Écrit le dimanche 06 décembre 2015 par PG Luneau
Titres lus : #01 - le Bureau des rumeurs
#02 - les Lanternes roses
WOW!! Quelle superbe découverte que ces deux grands albums des éditions Bamboo!! Contrairement à la série le Maître des ogres, où mes attentes très élevées ont été un peu déçues, celles que j'entretenais pour la série Ling-Ling se sont avérées bien fondées!! ;^) J'ai un véritable coup de cœur pour cette série d'aventure située en Chine impériale du Moyen-Âge!!
On y fait la connaissance de Ling-Ling, une jeune délurée de 17 ans qui vient de compléter sa formation en kung-fu auprès d'un des plus grands maîtres de l'empire, même si celui-ci avait décidé de prendre sa retraite!... C'est dire le pouvoir de persuasion de cette jeune fille!?
Après une première aventure, où elle est venue en aide à une jeune princesse qui désirait retrouver son tout jeune fils, gardé captif chez l'empereur en personne, notre jeune héroïne devient membre du Bureau des Rumeurs, un centre de renseignements bien particulier qui sert de base à tout un important de réseau d'espionnage et de contre-espionnage, étrangement plus fidèle à l'Empire qu'à l'Empereur en tant que tel!!

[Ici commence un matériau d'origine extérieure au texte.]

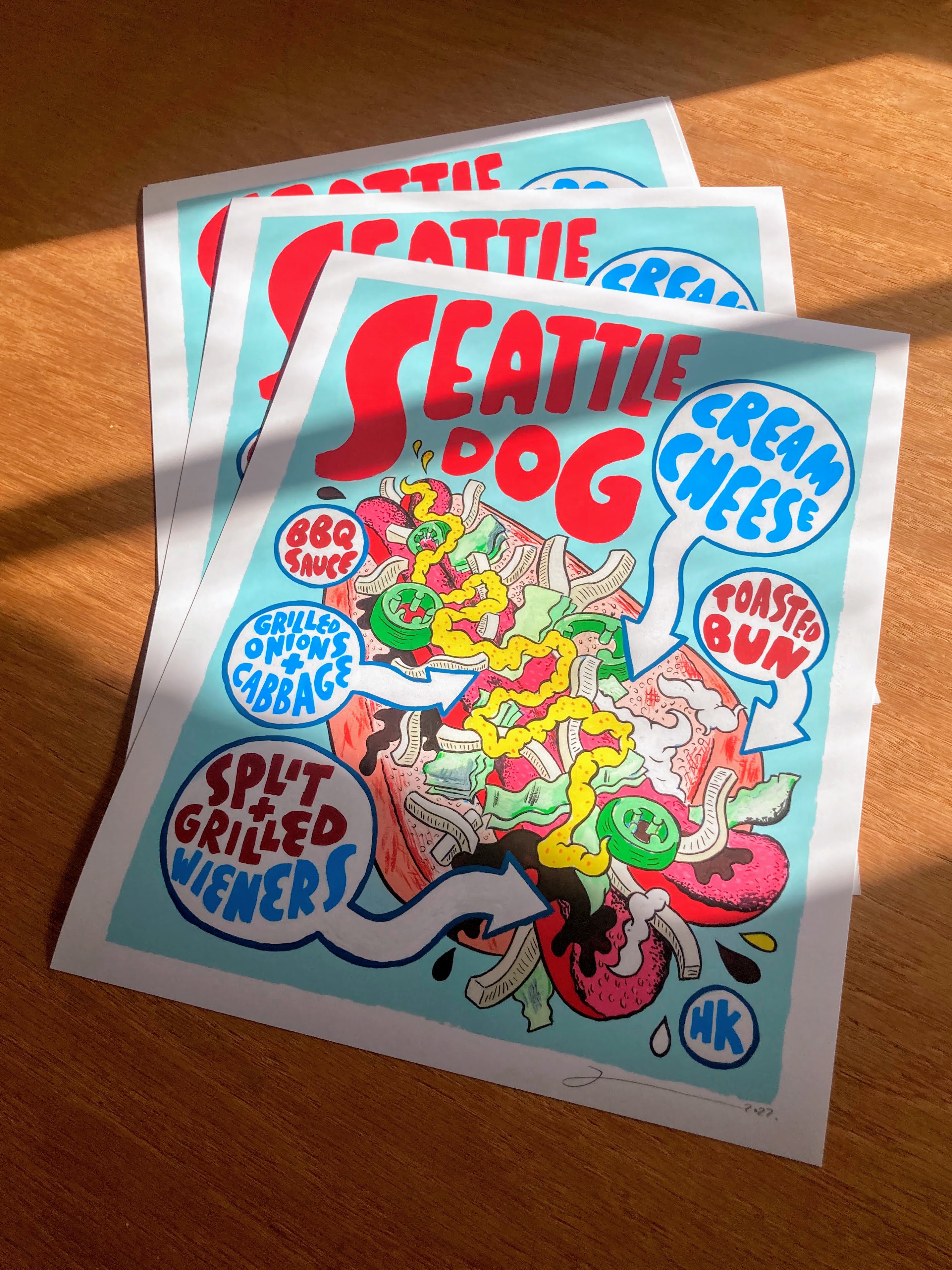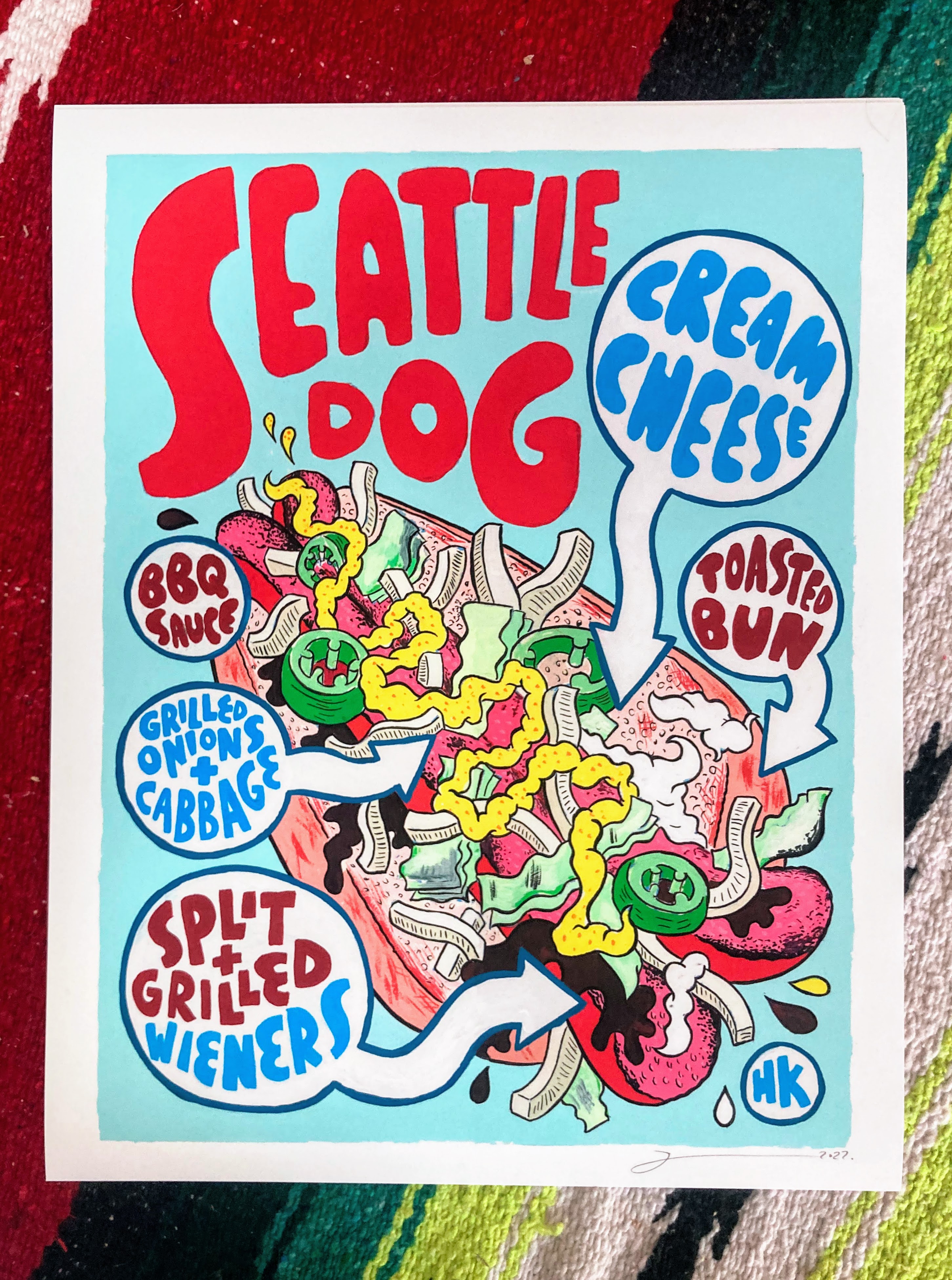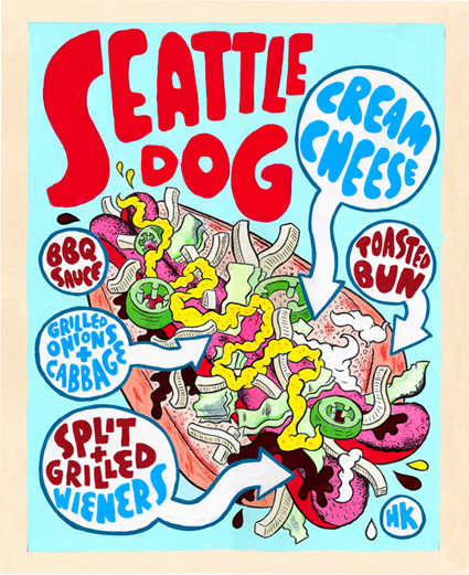 BACK IN STOCK for the first time in a while! From the original hot dog painting series, Seattle's INFAMOUS cream-cheese and coca-cola fried onion hot dog.

Ling-Ling devient donc agent de renseignement, mais d'un genre bien particulier : sympathique et toujours prête à rendre service à tout le monde, notre mini-James Bond reste humaine et conciliante. Toujours enjouée et positive, elle se fera justicière ou investigatrice, selon le besoin du moment, et n'hésitera pas, par exemple, à infiltrer le QG d'une triade pour dénicher un indice sur l'identité d'un prétendu criminel!
Le contexte et le juste équilibre entre la légèreté et l'intensité de ces récits m'ont remis dans le même état d'esprit que lorsque j'ai suivi la nouvelle saison du populaire dessin animé les Mystérieuses Cités d'or, celle qui se passe en Chine ancienne! ;^) La même franche énergie juvénile, le même goût de l'aventure, le même genre de révélations surprenantes... Sincèrement, je trouve que monsieur Escaich (qui coscénarise habituellement en duo avec Caroline Roque, sous le nom de Béka : Studio danse, par exemple, c'est aussi lui... à moitié!!) et monsieur N'Guessan ont fait un travail remarquable, et je ne m'explique pas le fait qu'on n'ait pas plus entendu parler de cette petite série tant elle est exceptionnelle!! Une héroïne solide, charmante et engagée qui vit des aventures palpitantes et originales, avec humour, suspense et un certain décalage : quoi demander de mieux??!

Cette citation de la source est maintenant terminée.